Un rojo corazón

Siempre me conmueven los actos de grandeza que involucran a los maestros, a seres sencillos que, en cualquier sitio pequeño y olvidado de la Tierra, encienden una lámpara y le demuestran al mundo que los pequeños comienzos mueven a las almas y hacen las grandes diferencias. Sirva esta hermosa historia como recuerdo permanente a estos, e inspiración para seguir creciendo.

En una colina polvorienta a las afueras de Kigali, una mujer se sentaba frente a su máquina de coser antigua. Era Benedette Mukarwego, tenía 72 años y, durante casi tres décadas, había sido maestra de primaria. Hasta que la guerra lo cambió todo.

Después del genocidio de 1994, perdió a su esposo, a tres de sus hijos, y a la mitad de sus alumnos, lo cual provocó que, durante años, Benedette no hablara, no enseñara. Ella no lloró; solo cosía, cosía desenfrenadamente.

Creaba muñecos de trapo que no eran bonitos, no se ajustaban a ningún patrón. Tenían ojos torcidos, brazos de distinto color, telas recicladas. Pero cada uno llevaba un corazón bordado en el pecho con hilo rojo.

Un día, un niño de la calle la vio trabajar y se quedó mirando. Ella le entregó uno de sus muñecos sin decir nada.

Al día siguiente, este regresó con otros dos niños. Y luego vinieron más.
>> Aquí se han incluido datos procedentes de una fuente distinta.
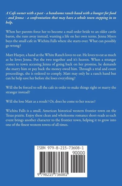 A Cafe owner with a past - a handsome ranch hand with a hunger for food - and Jenna - a confrontation that may have a whole town stepping in to help. When her parents force her to become a mail order bride to an older cattle baron, she runs away instead, wanting a life on her own terms. Jenna Myers buys the small cafe in Wichita Falls where she starts over. What can possibly go wrong? Matt Harper, a hand at the White Ranch loves to eat. He loves to eat as much as he loves Jenna. Put the two together and it's heaven. When a stranger comes to town accusing Jenna of going back on her promise, he demands she marry him or pay back the money owed him. Through a trial and court proceedings, she is ordered to comply. Matt may only be a ranch hand but can he help save her before she loses everything? Will she be forced to sell the cafe in order to make things right or marry the stranger instead? Will she lose Matt as a result? Or, does he come to her rescue? Wichita Falls is a small, American historical western frontier town on the Texas prairie. Enjoy these clean and wholesome romance short-reads as each event brings another character to the frontier town, helping it to grow into one of the finest western towns of all times.
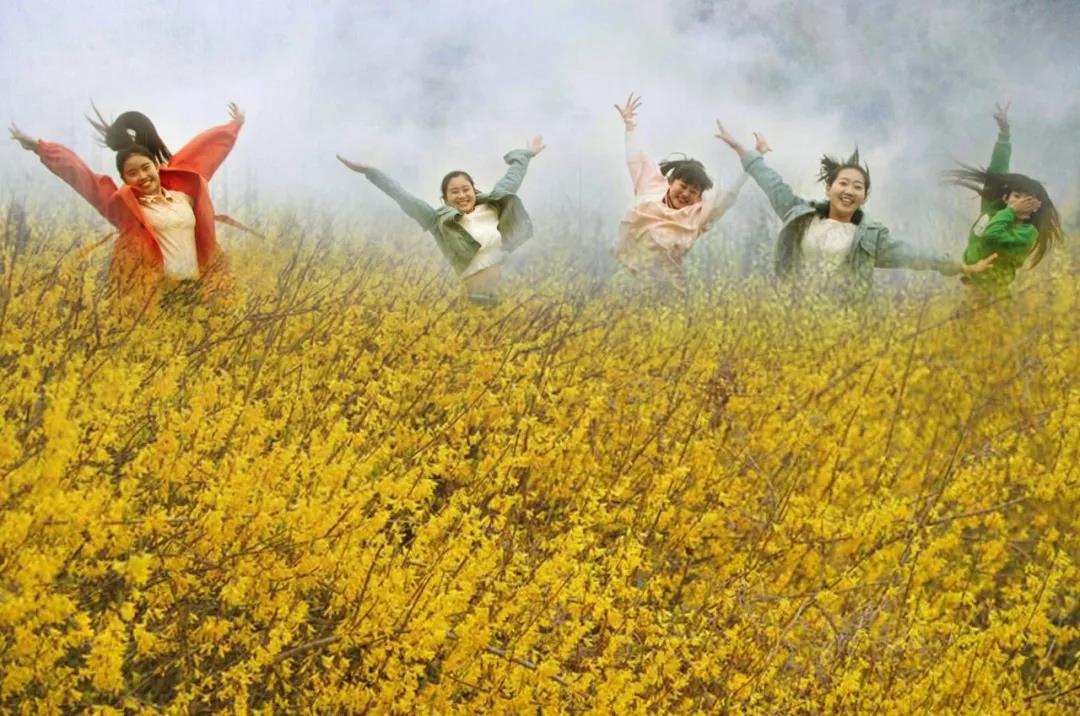 除了粉嫩的桃花,更有這花開如海的連翹,漫山遍野盡情綻放,實在是美不勝收。
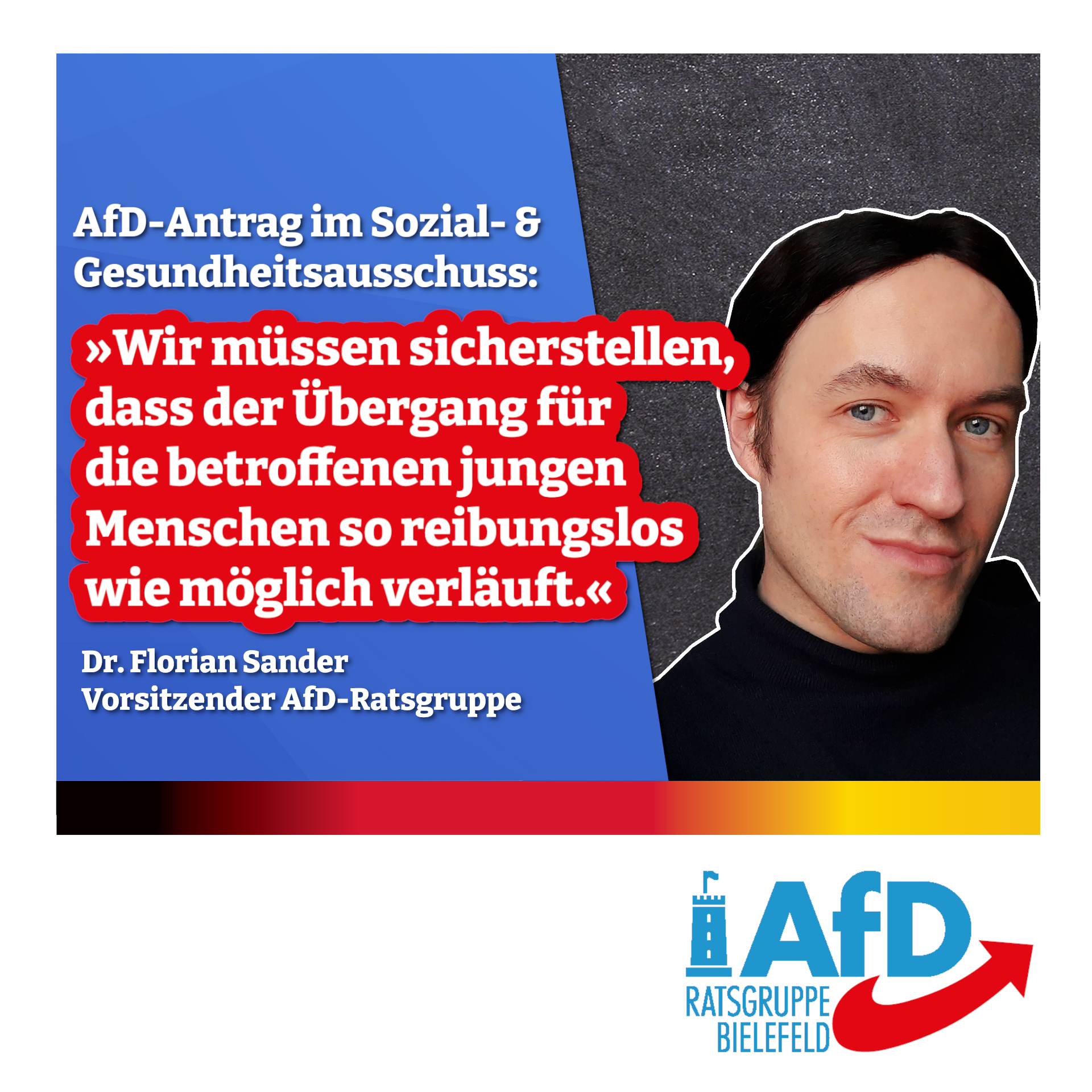 Dr. Florian Sander, Vorsitzender und sozialpolitischer Sprecher der AfD-Ratsgruppe, als Initiator des Änderungsantrags: „Wir fordern, dass die Verwaltung im Falle des Eintretens der geplanten Reform ein Übergangsmanagement einführt, das sicherstellt, dass der Übergang für die betroffenen jungen Menschen so reibungslos wie möglich erfolgt. Dies beinhaltet die Schaffung gut verständlicher Informationsangebote in Zusammenarbeit mit der Bundesagentur für Arbeit und anderen relevanten Akteuren. Diese Informationsangebote sollen den Betroffenen klare Antworten auf ihre Fragen bieten und sicherstellen, dass sie nicht allein gelassen werden.“
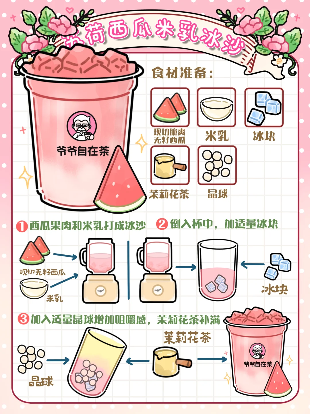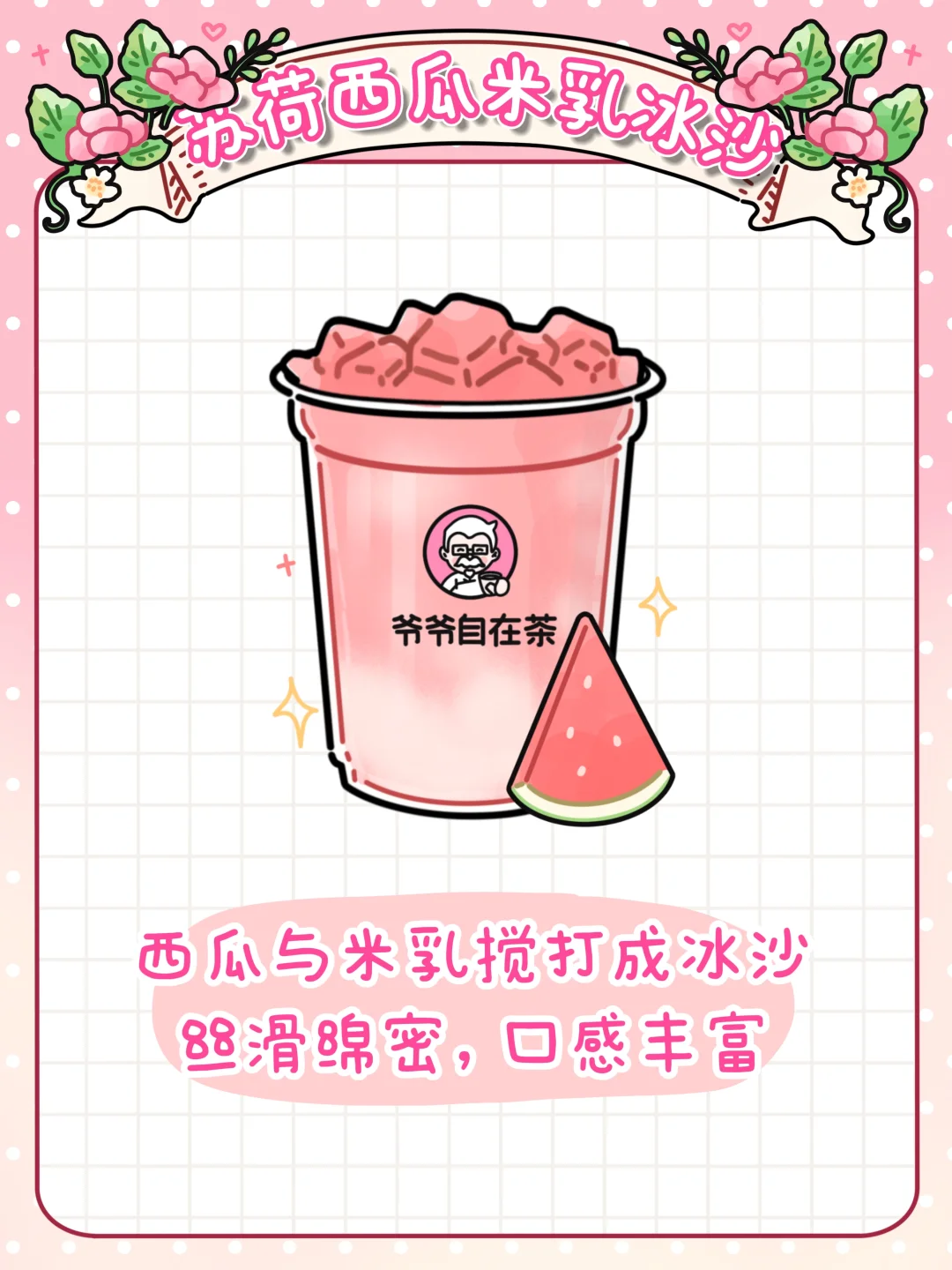 脆爽多汁的无籽西瓜🍉与米乳🍚搅打成冰沙成绵密丝滑的冰沙,再加入灵魂晶球,口感直接up up❗️层次超丰富👍

“¿Qué tienen estos muñecos?”, preguntó una trabajadora social a la buena mujer. Benedette solo respondió: “Cada uno lleva una historia dentro”.

Y, con el tiempo, supieron que era cierto. Antes de entregar un muñeco, Benedette siempre preguntaba: “¿Qué te gustaría que este muñeco recordara por ti?”. Entonces los niños hablaban. Contaban lo que les dolía. Lo que habían perdido. Los anhelos de sus corazones.

Ella escuchaba, cosía en silencio y luego les entregaba un muñeco con el corazón bordado. Decía que así el dolor no se quedaba solo dentro de ellos.

La noticia de la rara existencia de sus muñecos se esparció y psicólogos locales empezaron a colaborar con ella.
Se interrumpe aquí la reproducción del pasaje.